Friday, November 21, 2008

ECRI Weekly Leading Index indicator falls very sharply and remains deep in recession territory

The economic outlook continues to worsen and there is still no economic data pointing to an emerging recovery from the recession.

The Weekly Leading Index (WLI) from the Economic Cycle Research Institute (ECRI) fell very sharply  to -1.97% from +0.44% last week, its worst level in 13 years, and its annualized growth rate fell sharply to -28.2, a record low for its 60-year history of data, from -27.1 last week, which is well below the flat line, suggesting that the economy will be struggling in the months ahead.

According to ECRI, "With WLI growth nose-diving to yet another historical low, the outlook for the economy is worsening at the fastest pace on record."
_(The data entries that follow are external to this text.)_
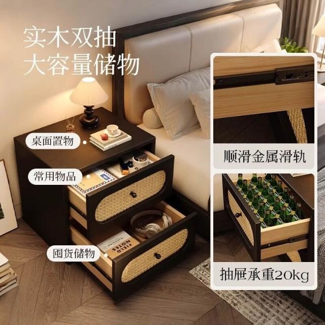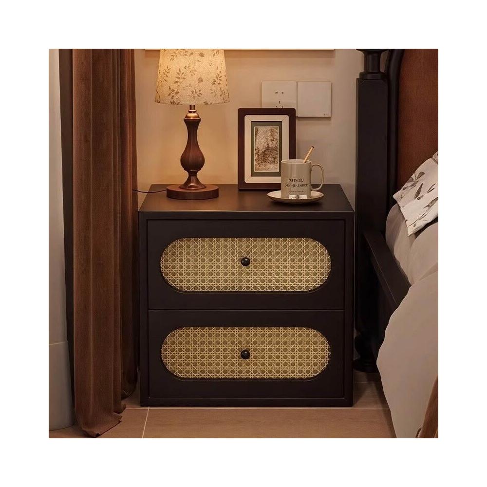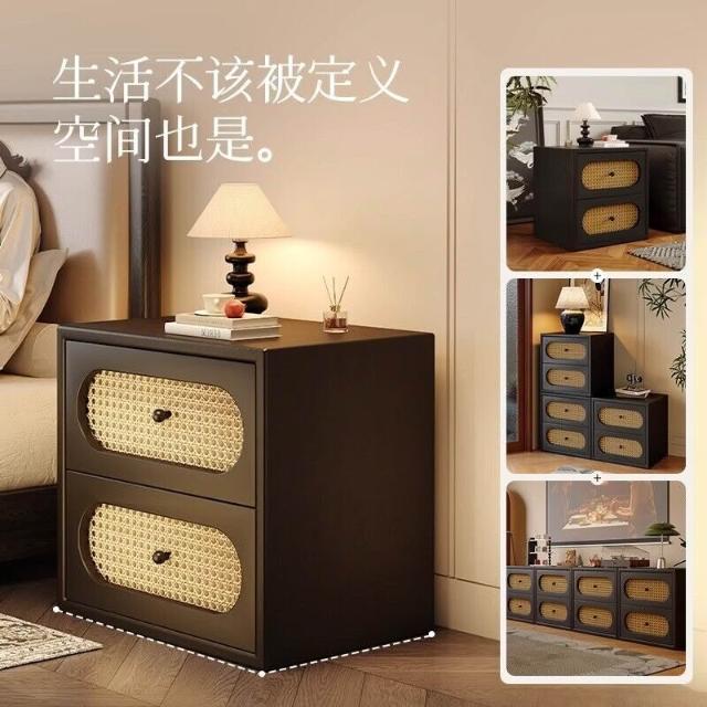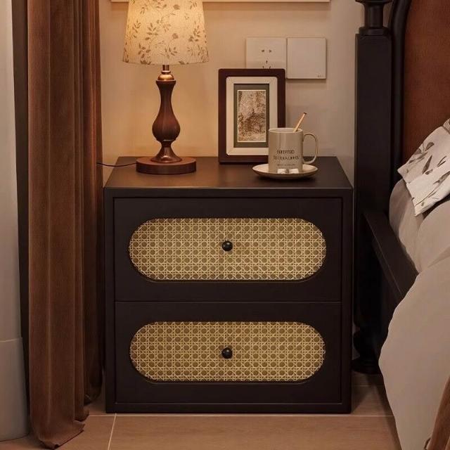 床頭櫃 抽屜櫃 床頭收納架 邊櫃 邊桌 邊幾 床頭櫃中古風法式小型復古藤編家用臥室2025爆款輕奢高級感床邊櫃
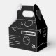 Complement your space birthday party with cute favour boxes for the little ones. The boxes are black with some spaceship elements that appear in controls. At the front, there is an illustration of a spacecraft screen with the information you can personalise. Illustrated and designe by Patricia Alvarez.
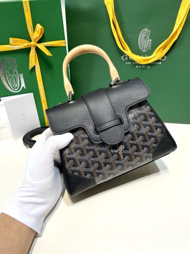 The Goyard Saigon Souple Mini Black is among the most sought-after designs in the Goyard lineup. This replica Goyard Saigon Souple Mini Black faithfully reproduces the silhouette using Goyardine coated canvas and carefully matched hardware — a top-quality Goyard bag dupe that stands up to close inspection.
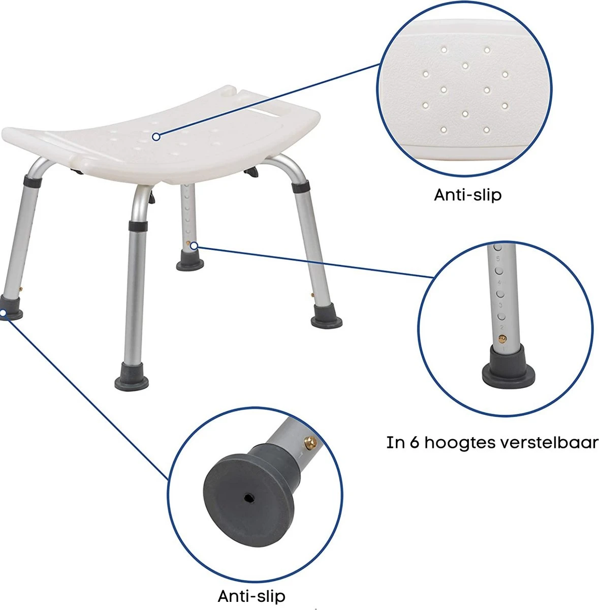 Life&Home Douchekruk – Wandbeugel Bijgeleverd – Douchestoel – 6 Hoogtes – Max 130 Kg – Handgrepen
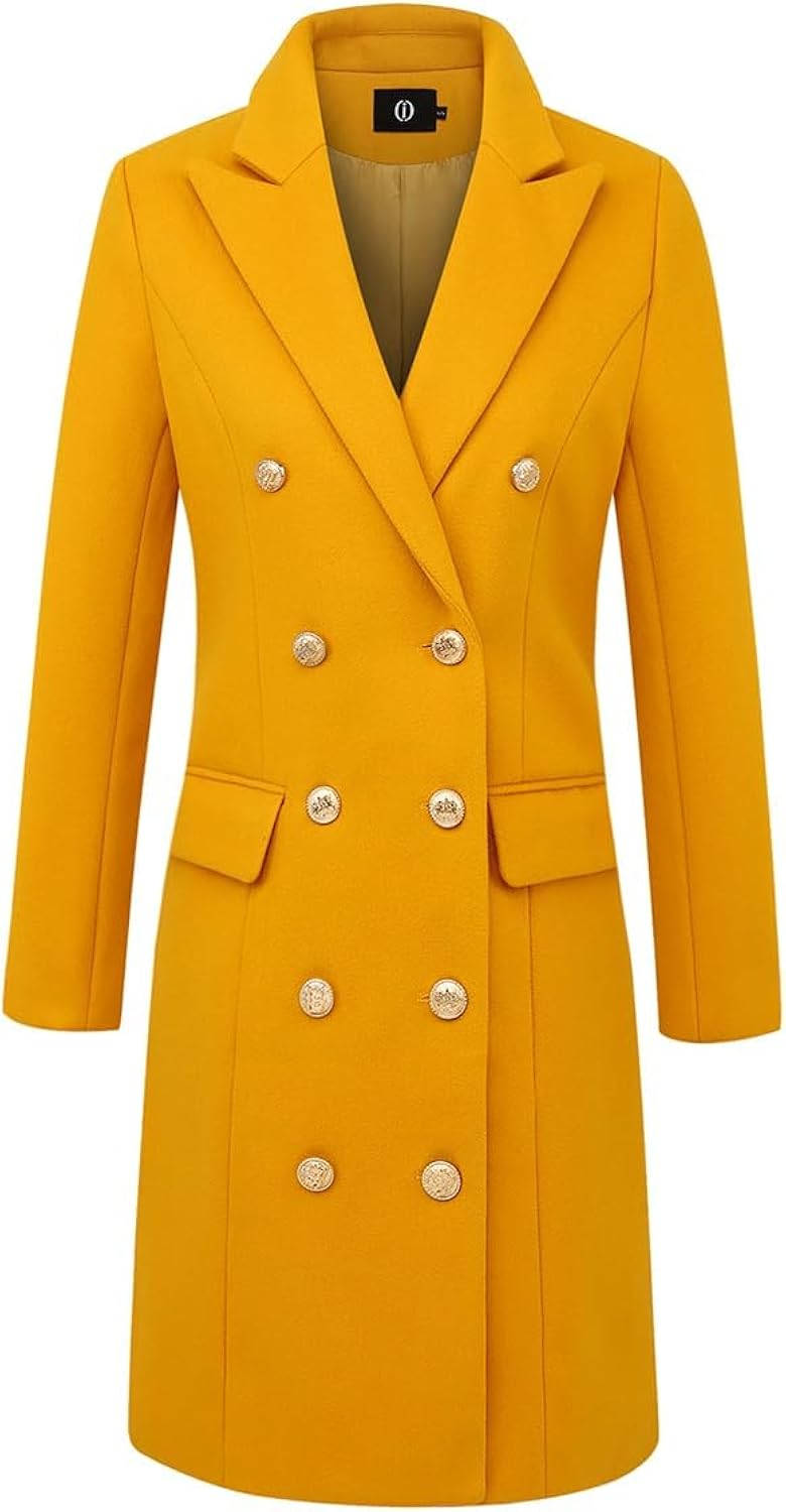 Features: Long sleeve, classic notch lapel collar, double breasted front, side flap pockets, knee length

The bottom line is that the ECRI WLI remains "flashing red." Alas, even the ECRI WLI is not a guaranteed, fool-proof economic indicator, especially when the data is mixed and there some amount of stimulus as well as potential problems in the pipeline.

My personal outlook is that: The U.S. economy is currently in a recession that started somewhere between December 2007 and June 2008, sharply accelerated in August, and currently shows no sign of an imminent end.

Some believe that the recession started in January or even last November, but there were pockets of strength even as recently as June GDP. By the same token, there were roots of weakness popping up in June 2007 and a financial mini-crisis in August 2007 related to housing clearly indicated that at least significant portions of the economy had already begun to crumble.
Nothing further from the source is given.